→ **Study material**:
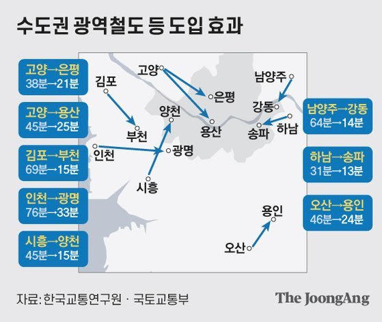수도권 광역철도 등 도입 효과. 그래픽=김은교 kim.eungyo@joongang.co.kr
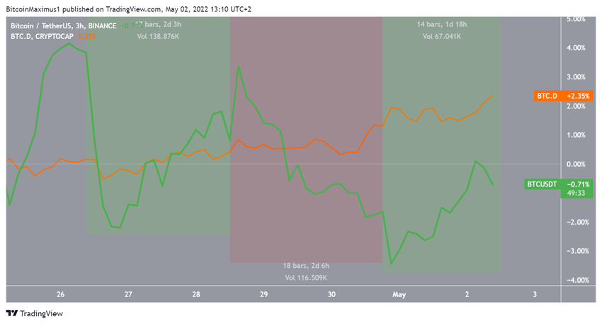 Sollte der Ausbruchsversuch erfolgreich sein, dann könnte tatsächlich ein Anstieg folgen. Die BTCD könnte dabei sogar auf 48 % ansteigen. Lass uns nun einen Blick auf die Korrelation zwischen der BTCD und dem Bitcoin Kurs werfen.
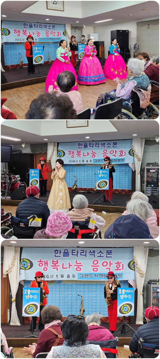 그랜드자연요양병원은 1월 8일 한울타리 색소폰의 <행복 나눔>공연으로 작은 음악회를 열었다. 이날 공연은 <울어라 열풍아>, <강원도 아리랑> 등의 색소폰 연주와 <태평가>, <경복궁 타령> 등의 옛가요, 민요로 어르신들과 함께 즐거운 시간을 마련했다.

--

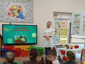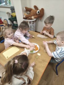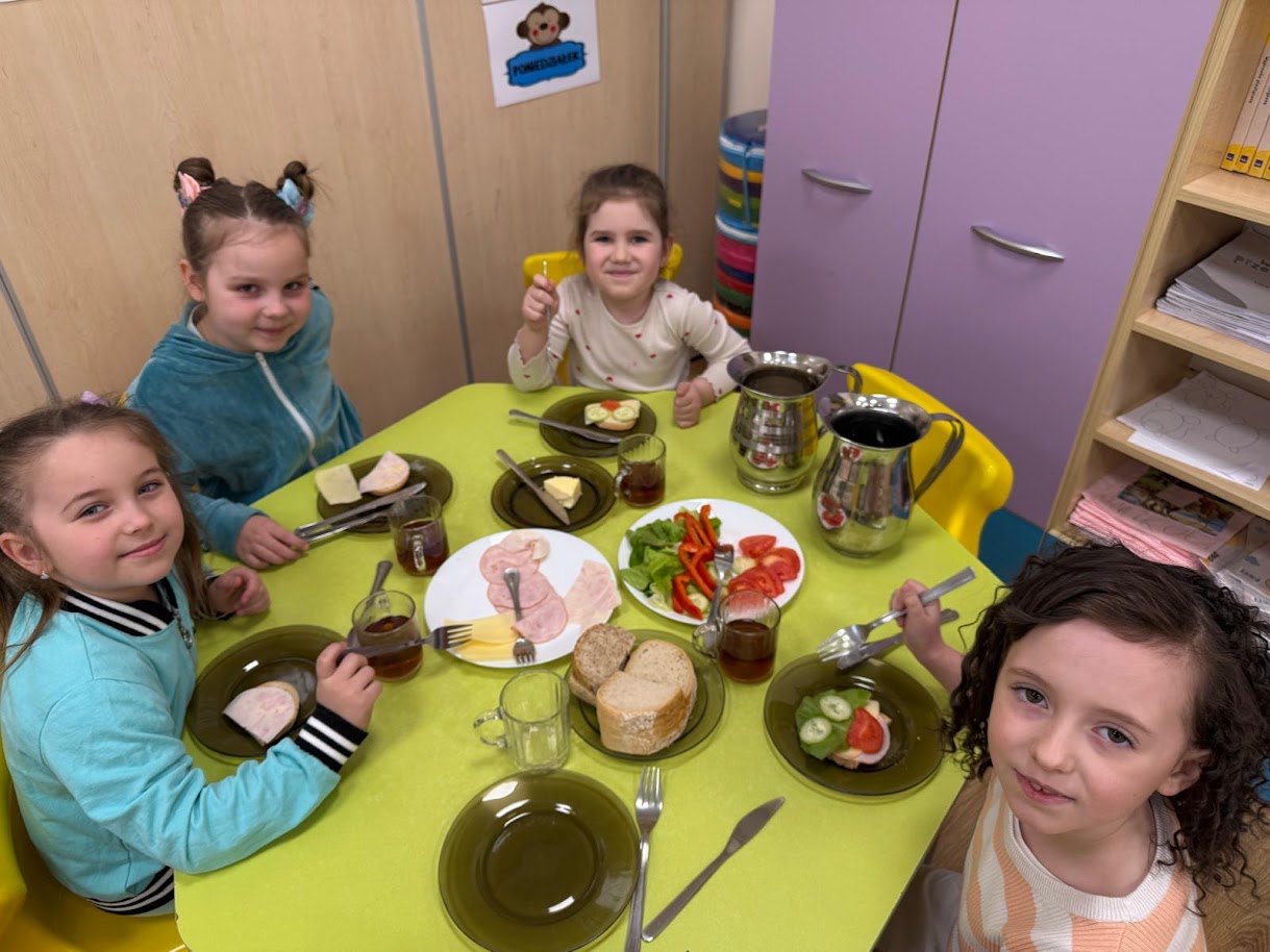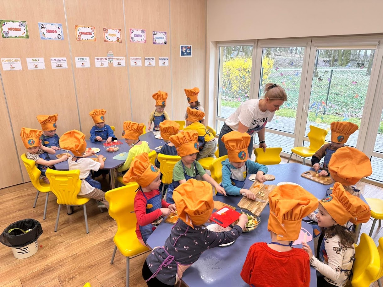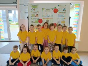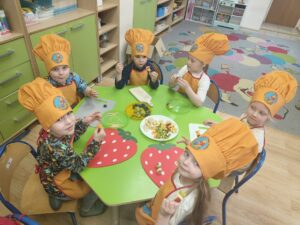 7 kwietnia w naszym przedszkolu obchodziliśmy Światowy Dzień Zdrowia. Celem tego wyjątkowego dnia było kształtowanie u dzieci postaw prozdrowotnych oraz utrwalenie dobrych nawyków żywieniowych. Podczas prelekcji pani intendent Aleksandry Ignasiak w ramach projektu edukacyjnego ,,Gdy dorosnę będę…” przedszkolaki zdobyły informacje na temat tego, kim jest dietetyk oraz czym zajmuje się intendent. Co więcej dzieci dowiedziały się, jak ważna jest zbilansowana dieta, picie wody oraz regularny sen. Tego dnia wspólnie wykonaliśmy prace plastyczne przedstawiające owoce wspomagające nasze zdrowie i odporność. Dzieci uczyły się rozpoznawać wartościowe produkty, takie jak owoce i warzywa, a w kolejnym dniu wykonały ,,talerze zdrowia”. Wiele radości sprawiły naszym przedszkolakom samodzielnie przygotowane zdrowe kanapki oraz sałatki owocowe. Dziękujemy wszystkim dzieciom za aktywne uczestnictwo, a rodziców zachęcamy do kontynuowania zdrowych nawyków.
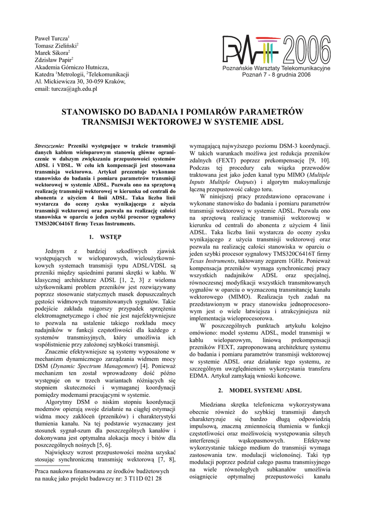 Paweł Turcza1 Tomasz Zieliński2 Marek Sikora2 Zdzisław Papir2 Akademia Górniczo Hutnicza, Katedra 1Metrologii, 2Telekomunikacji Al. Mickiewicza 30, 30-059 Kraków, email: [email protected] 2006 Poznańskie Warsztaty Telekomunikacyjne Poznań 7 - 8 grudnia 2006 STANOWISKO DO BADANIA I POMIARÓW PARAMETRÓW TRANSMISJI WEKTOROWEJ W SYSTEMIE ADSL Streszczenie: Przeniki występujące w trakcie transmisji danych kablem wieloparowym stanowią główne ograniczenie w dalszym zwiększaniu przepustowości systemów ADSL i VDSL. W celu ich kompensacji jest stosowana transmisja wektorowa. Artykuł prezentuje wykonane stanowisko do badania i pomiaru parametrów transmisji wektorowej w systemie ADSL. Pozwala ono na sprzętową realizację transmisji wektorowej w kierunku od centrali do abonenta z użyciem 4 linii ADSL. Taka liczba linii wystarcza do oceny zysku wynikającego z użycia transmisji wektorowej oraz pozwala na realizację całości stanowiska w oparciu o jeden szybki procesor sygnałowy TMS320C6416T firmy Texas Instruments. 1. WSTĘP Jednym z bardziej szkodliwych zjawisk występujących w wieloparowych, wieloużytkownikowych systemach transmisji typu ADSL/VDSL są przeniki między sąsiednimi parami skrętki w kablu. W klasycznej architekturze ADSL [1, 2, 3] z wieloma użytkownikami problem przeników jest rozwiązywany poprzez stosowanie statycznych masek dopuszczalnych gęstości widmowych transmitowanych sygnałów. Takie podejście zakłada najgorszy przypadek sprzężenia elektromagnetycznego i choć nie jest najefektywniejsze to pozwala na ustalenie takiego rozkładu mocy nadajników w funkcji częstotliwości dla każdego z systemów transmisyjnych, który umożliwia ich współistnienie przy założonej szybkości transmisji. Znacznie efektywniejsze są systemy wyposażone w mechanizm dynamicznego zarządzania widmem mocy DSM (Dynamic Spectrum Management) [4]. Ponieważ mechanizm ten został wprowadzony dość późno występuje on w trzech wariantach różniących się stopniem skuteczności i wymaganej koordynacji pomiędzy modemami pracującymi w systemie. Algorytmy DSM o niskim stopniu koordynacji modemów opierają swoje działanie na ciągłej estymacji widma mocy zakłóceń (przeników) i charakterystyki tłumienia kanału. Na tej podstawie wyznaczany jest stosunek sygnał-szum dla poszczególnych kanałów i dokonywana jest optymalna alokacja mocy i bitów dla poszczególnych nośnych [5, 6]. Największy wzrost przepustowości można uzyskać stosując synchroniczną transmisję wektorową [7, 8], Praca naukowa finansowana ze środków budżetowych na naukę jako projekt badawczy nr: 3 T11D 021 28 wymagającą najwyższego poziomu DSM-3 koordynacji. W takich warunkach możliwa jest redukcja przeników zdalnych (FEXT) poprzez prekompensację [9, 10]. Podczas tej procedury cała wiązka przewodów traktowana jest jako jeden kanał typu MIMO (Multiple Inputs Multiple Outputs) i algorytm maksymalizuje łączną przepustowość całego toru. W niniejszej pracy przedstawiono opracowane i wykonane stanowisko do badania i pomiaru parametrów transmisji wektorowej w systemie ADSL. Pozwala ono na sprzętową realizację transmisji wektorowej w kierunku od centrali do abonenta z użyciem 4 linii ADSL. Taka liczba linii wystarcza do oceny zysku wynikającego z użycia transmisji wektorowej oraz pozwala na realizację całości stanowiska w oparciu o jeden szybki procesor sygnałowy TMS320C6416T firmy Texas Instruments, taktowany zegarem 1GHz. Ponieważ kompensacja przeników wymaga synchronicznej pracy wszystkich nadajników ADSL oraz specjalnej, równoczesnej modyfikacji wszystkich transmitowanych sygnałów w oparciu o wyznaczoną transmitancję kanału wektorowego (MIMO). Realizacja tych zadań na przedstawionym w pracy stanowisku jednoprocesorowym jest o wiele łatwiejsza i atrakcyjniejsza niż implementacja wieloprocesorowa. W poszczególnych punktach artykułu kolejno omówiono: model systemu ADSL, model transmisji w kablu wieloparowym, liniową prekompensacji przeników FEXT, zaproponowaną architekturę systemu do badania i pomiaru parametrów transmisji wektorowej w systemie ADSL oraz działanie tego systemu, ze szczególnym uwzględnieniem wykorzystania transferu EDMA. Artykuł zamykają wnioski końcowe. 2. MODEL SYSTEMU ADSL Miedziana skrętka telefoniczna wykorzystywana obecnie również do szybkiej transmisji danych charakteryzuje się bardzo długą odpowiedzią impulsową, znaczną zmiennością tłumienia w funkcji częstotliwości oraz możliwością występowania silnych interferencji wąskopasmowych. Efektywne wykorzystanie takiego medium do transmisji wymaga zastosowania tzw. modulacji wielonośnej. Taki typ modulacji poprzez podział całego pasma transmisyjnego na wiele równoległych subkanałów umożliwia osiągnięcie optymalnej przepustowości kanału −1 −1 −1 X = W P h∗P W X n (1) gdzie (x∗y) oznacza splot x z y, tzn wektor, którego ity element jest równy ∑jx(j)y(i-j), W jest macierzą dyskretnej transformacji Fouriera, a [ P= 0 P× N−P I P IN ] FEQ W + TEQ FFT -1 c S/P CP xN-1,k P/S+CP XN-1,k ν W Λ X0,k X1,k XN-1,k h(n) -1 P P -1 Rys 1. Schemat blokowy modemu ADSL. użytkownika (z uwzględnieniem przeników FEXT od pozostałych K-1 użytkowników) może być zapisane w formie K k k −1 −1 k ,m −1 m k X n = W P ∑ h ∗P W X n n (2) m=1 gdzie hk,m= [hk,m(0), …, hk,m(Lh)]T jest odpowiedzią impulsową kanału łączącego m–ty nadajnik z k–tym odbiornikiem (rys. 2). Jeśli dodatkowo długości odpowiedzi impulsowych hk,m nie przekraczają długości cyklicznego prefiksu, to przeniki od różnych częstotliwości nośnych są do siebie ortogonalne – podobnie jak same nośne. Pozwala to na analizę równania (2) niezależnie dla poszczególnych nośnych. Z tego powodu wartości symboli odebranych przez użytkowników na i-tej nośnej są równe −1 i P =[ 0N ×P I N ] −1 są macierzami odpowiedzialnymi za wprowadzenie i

→ **Work task**:
Where a picture appears in the records above, omit it, and transcribe exactly the stretch of lines from the one with "Sollte der Ausbruchsversuch" through the one with "그랜드자연요양병원은 1월 8일".

→ **Response for this exercise**:
 Sollte der Ausbruchsversuch erfolgreich sein, dann könnte tatsächlich ein Anstieg folgen. Die BTCD könnte dabei sogar auf 48 % ansteigen. Lass uns nun einen Blick auf die Korrelation zwischen der BTCD und dem Bitcoin Kurs werfen.
 그랜드자연요양병원은 1월 8일 한울타리 색소폰의 <행복 나눔>공연으로 작은 음악회를 열었다. 이날 공연은 <울어라 열풍아>, <강원도 아리랑> 등의 색소폰 연주와 <태평가>, <경복궁 타령> 등의 옛가요, 민요로 어르신들과 함께 즐거운 시간을 마련했다.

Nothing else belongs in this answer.